------ RECORDS SUPPLIED

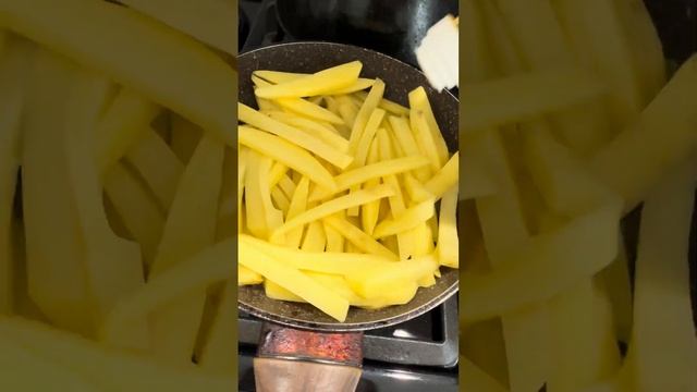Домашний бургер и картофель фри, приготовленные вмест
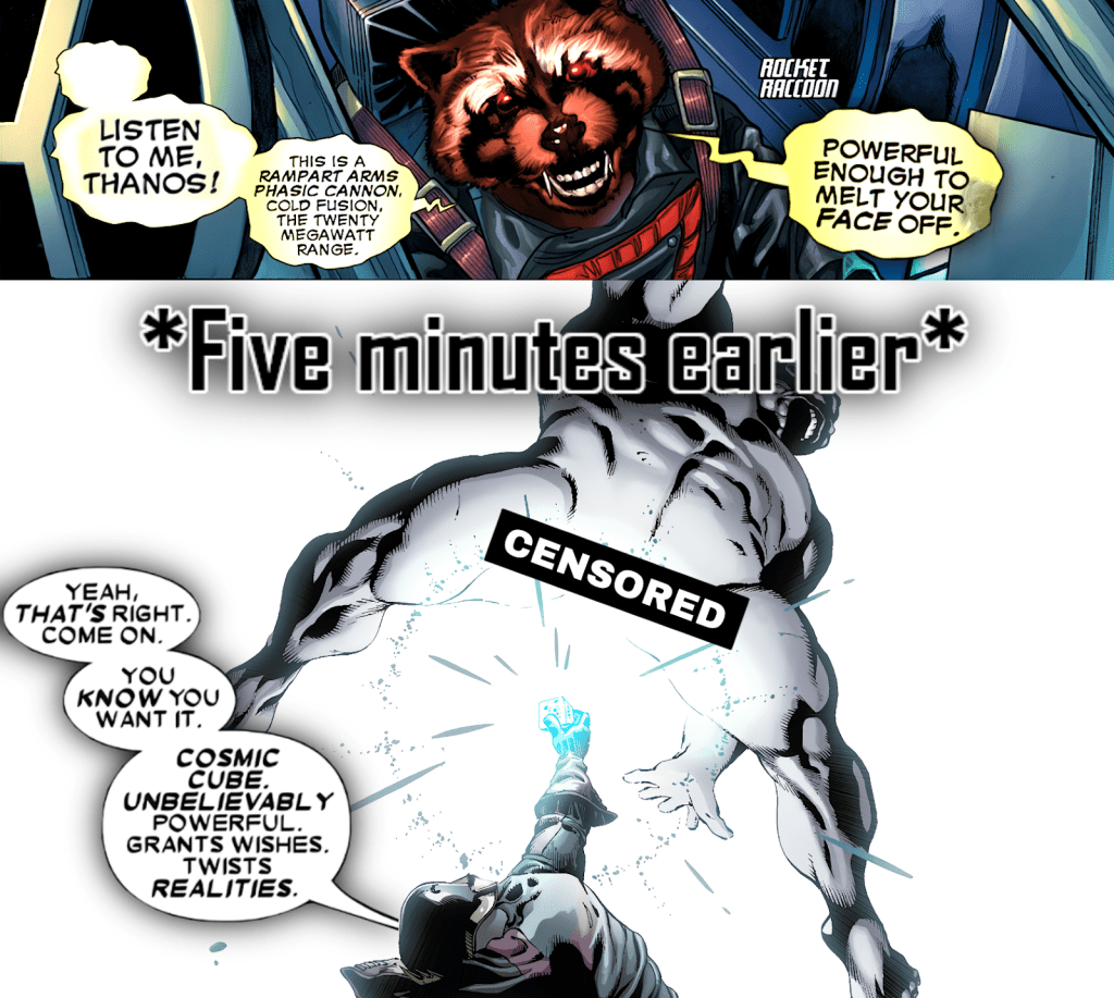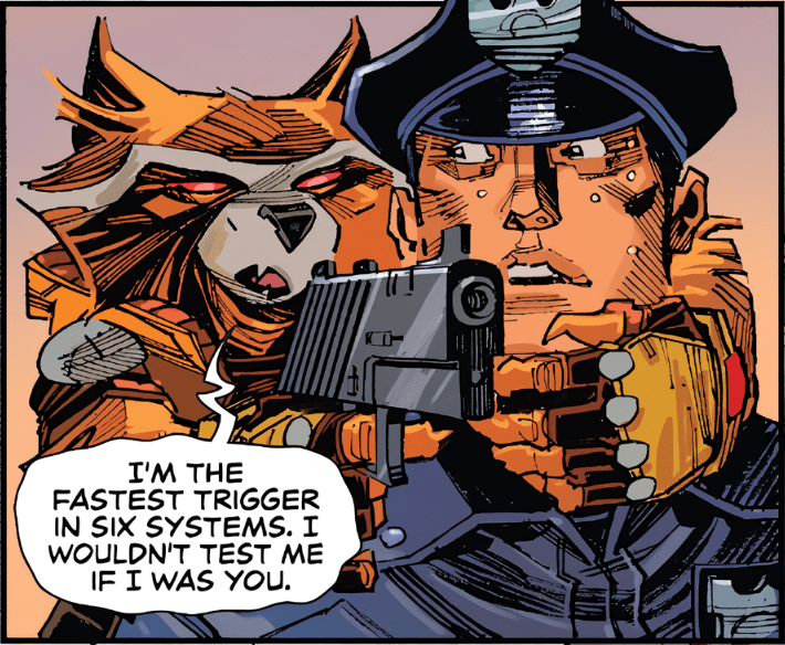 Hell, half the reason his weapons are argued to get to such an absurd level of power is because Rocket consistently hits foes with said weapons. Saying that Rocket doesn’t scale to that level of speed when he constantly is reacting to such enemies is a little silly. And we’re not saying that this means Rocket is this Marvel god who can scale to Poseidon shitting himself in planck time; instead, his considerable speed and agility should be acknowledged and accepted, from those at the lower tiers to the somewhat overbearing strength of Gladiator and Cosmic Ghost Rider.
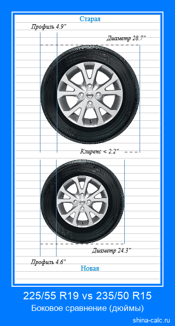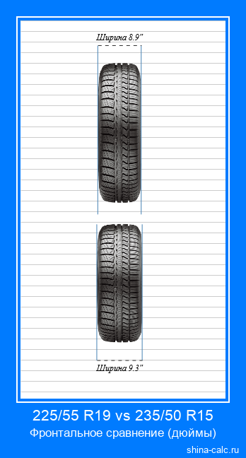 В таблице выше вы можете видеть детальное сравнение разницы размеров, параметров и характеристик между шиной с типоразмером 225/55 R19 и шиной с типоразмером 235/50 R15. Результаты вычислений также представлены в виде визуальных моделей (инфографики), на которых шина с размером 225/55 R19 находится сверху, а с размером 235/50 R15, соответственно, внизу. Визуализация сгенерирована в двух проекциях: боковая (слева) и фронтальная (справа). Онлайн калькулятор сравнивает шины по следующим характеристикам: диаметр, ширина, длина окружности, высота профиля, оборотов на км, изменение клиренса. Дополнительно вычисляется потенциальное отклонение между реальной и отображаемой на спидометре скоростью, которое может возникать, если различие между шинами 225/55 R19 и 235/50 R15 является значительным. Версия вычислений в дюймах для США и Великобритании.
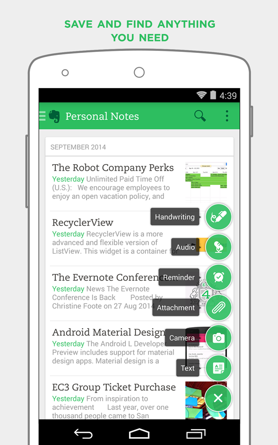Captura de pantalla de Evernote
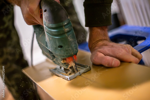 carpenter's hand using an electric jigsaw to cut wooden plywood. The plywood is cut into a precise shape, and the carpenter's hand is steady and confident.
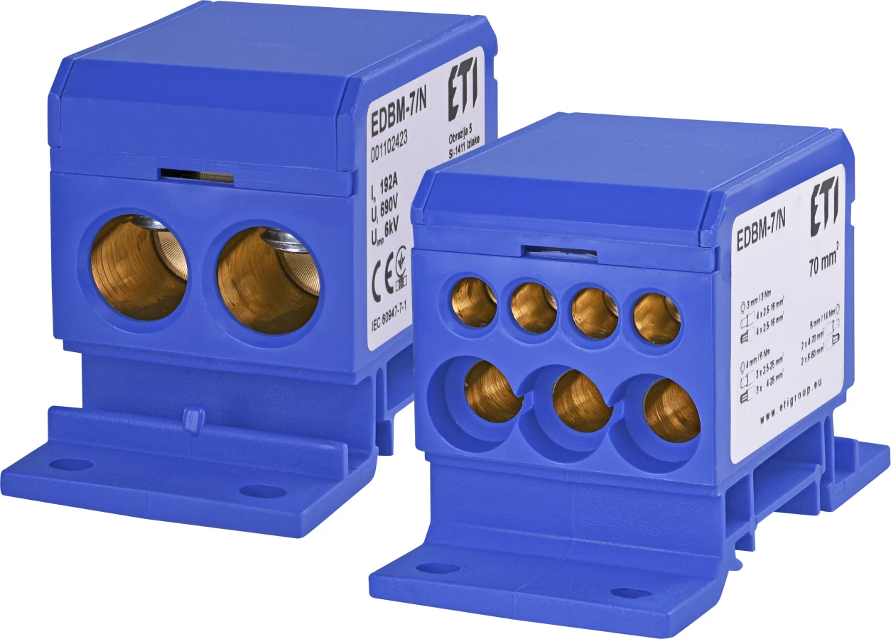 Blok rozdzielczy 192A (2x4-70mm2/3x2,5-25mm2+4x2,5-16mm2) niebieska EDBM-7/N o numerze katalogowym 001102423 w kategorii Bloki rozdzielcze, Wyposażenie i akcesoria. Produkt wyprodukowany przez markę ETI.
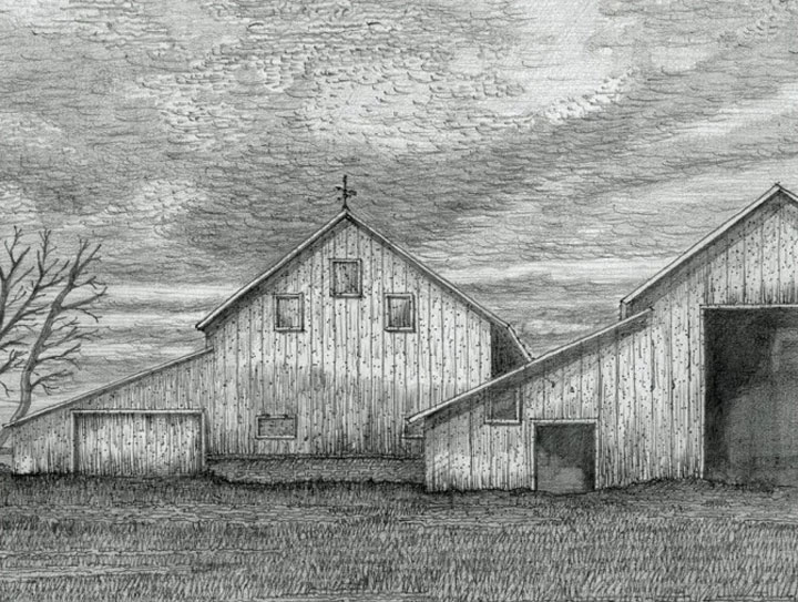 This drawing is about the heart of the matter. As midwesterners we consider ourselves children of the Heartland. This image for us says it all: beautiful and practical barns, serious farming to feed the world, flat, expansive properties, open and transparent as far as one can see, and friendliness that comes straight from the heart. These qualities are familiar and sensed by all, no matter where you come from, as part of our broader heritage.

------------

» **GOAL OF THE EXERCISE**
The lines to be transcribed are those from the first line of the data above through the line holding "Hell, half the", inclusive; copy them exactly and only, leaving out the pictures.

» **EXERCISE RESPONSE**
Домашний бургер и картофель фри, приготовленные вмест
 Hell, half the reason his weapons are argued to get to such an absurd level of power is because Rocket consistently hits foes with said weapons. Saying that Rocket doesn’t scale to that level of speed when he constantly is reacting to such enemies is a little silly. And we’re not saying that this means Rocket is this Marvel god who can scale to Poseidon shitting himself in planck time; instead, his considerable speed and agility should be acknowledged and accepted, from those at the lower tiers to the somewhat overbearing strength of Gladiator and Cosmic Ghost Rider.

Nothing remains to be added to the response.